La France adoptera-t-elle bientôt le principe de la taxation des expatriés, donc sur la base de la nationalité, à l’exemple des Etats-Unis? «C’est une rumeur qui court depuis l’été», dit Eric Ginter, avocat fiscaliste à l’enseigne de SarrauThomasCouderc, à Paris. Un tel système présupposerait l’installation à l’étranger de représentants du fisc français chargés, entre autres, de recueillir les déclarations de revenus des expatriés et de vérifier leur sincérité. Pour l’instant, cela n’est pas à l’ordre du jour. Mais il n’y a pas de fumée sans feu: certaines déclarations vont dans ce sens.
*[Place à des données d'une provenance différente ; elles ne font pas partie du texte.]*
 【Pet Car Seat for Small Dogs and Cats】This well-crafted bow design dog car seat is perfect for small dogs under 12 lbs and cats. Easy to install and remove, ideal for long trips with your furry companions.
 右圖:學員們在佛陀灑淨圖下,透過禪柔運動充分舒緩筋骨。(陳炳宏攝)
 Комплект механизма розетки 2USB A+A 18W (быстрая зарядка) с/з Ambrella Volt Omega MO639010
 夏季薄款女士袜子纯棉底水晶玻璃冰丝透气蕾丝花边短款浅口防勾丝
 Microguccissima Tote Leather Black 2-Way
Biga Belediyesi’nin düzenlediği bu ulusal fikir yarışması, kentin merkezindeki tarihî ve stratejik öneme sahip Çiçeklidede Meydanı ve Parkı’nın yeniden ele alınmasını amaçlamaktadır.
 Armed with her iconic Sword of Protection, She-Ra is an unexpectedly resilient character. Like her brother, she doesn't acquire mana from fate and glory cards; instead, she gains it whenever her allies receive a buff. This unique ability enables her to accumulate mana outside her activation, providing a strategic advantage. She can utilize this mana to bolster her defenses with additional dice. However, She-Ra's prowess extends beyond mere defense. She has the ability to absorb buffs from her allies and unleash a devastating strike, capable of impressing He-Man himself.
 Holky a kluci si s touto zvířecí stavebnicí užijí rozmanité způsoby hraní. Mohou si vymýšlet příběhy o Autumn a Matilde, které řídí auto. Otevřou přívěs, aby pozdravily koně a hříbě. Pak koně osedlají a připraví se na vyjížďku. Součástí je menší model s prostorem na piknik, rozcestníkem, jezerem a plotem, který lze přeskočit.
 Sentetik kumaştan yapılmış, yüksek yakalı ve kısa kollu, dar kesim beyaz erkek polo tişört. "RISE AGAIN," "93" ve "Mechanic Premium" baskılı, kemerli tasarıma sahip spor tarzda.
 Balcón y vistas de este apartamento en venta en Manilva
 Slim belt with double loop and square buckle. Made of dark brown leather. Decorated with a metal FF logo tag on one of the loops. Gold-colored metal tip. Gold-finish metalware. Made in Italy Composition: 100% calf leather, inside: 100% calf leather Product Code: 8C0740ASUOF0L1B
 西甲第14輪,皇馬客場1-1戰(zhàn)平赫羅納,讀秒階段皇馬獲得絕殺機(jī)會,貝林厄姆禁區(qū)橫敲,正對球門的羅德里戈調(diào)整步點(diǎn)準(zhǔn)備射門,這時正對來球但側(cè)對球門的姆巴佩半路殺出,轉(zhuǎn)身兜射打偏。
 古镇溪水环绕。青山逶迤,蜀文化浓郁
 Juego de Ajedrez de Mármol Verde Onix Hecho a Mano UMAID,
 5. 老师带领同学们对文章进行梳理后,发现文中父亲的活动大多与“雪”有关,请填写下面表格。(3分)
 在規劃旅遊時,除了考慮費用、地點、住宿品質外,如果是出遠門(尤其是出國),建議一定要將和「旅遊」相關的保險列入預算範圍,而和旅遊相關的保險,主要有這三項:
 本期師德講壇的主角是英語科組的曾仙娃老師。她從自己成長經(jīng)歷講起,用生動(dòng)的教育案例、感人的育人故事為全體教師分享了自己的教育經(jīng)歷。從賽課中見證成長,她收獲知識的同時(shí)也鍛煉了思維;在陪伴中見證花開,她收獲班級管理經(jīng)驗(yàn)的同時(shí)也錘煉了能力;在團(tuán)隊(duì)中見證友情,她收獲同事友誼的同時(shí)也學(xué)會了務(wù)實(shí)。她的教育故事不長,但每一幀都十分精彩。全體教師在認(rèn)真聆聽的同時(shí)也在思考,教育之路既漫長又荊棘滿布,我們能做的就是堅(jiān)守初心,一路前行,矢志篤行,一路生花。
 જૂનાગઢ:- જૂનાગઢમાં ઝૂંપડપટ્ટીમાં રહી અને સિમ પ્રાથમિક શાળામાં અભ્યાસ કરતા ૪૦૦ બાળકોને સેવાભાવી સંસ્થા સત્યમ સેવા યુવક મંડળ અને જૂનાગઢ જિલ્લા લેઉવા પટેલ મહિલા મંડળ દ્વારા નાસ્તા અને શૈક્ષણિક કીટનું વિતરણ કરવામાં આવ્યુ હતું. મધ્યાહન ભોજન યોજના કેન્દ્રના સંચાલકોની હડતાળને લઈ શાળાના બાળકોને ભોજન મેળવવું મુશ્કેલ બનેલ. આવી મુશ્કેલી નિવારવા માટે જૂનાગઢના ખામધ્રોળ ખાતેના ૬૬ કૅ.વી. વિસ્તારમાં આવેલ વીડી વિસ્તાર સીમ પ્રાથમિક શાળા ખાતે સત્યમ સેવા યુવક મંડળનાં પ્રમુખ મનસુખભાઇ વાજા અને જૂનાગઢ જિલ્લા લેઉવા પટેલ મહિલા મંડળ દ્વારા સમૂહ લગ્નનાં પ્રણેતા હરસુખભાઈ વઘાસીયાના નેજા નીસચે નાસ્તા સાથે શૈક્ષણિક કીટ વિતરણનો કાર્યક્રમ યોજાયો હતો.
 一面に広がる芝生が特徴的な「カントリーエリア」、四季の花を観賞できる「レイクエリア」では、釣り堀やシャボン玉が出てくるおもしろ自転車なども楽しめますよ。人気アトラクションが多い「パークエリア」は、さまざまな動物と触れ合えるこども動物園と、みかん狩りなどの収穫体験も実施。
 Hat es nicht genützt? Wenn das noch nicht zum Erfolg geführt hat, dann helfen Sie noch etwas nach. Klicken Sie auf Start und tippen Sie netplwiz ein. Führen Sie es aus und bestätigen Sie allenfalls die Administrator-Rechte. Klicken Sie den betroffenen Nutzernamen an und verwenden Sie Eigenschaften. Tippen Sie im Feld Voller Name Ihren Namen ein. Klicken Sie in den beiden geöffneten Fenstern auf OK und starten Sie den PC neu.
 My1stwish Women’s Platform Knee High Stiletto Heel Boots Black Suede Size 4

Comme dernièrement celles d’Henri Emmanuelli qui, le 17 octobre 2011, déposait un amendement au projet de loi de finances pour 2012. Le député socialiste, bien connu pour ses positions plutôt à la gauche du PS, demandait que «les ressortissants français dont le domicile fiscal est situé hors de France déclarent avant le 30 juin 2012 à l’administration fiscale leurs revenus non imposés en France ainsi que le montant total des impositions de toute nature acquitté sur ces revenus». L’objet revendiqué était, dans un premier temps, de créer une «contribution de solidarité nationale» due par les expatriés. Amendement rejeté, mais moins sur le principe qu’en raison des difficultés de mise en œuvre de la loi de finances pour 2011. Adoptée le 31 juillet, celle-ci s’avère déjà d’une digestion difficile pour les expatriés et leurs avocats: elle introduit une «exit tax» sur les plus-values pour les contribuables qui transfèrent leur domicile fiscal hors de France à partir du 3 mars 2011, donc avec un certain effet rétroactif, et impose des obligations de déclaration aux administrateurs de trusts ayant un lien avec la France.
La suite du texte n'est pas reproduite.